Provocare i provocatori

Diciamo che, pur non essendo un vero specialista, nel mondo dell’arte contemporanea ci ho “bazzicato” parecchio.  Un archeologo che si occupa di arte contemporanea? Un ossimoro all’apparenza, ma il mondo è bello perché offre molte possibilità, ci sono molteplici sfere da indagare, conoscere sondare e magari cimentarsi anche con più di una di esse, le sfere!

Diciamo che tra l’aver lavorato per due Biennali Giovani Artisti, l’aver vinto un premio di arte contemporanea, l’aver curato diverse mostre, l’aver ideato un programma radiofonico, Vernissage,  incentrato inizialmente sul mondo dell’arte e in particolare dell’arte contemporanea, mi rende, come dire, “imparato sul campo”.

A tal proposito ho codificato un personalissimo vademecum per riconoscere  una performance artistica e non scambiarla per azioni senza senso fatte da un folle o da un burlone.

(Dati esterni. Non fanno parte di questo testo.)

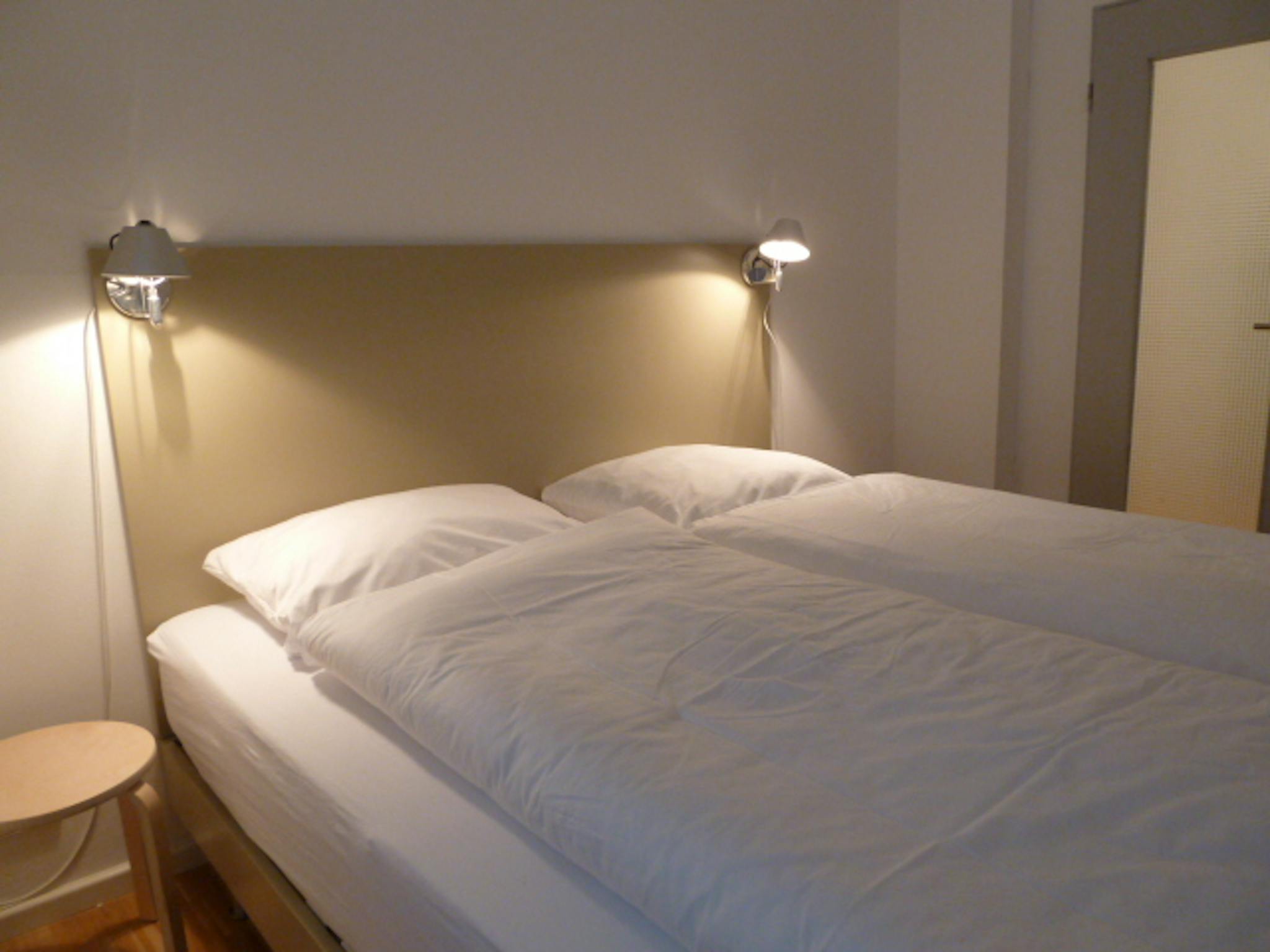 The bedroom contains a king-size bed with two separate mattresses (200 x 90 cm). It faces the quiet, green back yard.

Mi trovo ad assistere a una performance artistica se:

1) sono in presenza di una tizia o un tizio seduto o in piedi o accovacciato o sdraiato con o senza attrezzi di scena;

2) sono in presenza  di qualcuno vestito in total black style nelle vicinanze (i/il curatore)

3) sono in  presenza di un ristretto numero di persone vestite come i curatori ma più sciatti;

4) noto la presenza di qualcuno che filma o che fa foto con macchine serie;

5) noto la reazione stranita di chi sta passando lì per caso e pensa “braccia rubate all’agricoltura.

Secondo me funziona, provateci anche voi.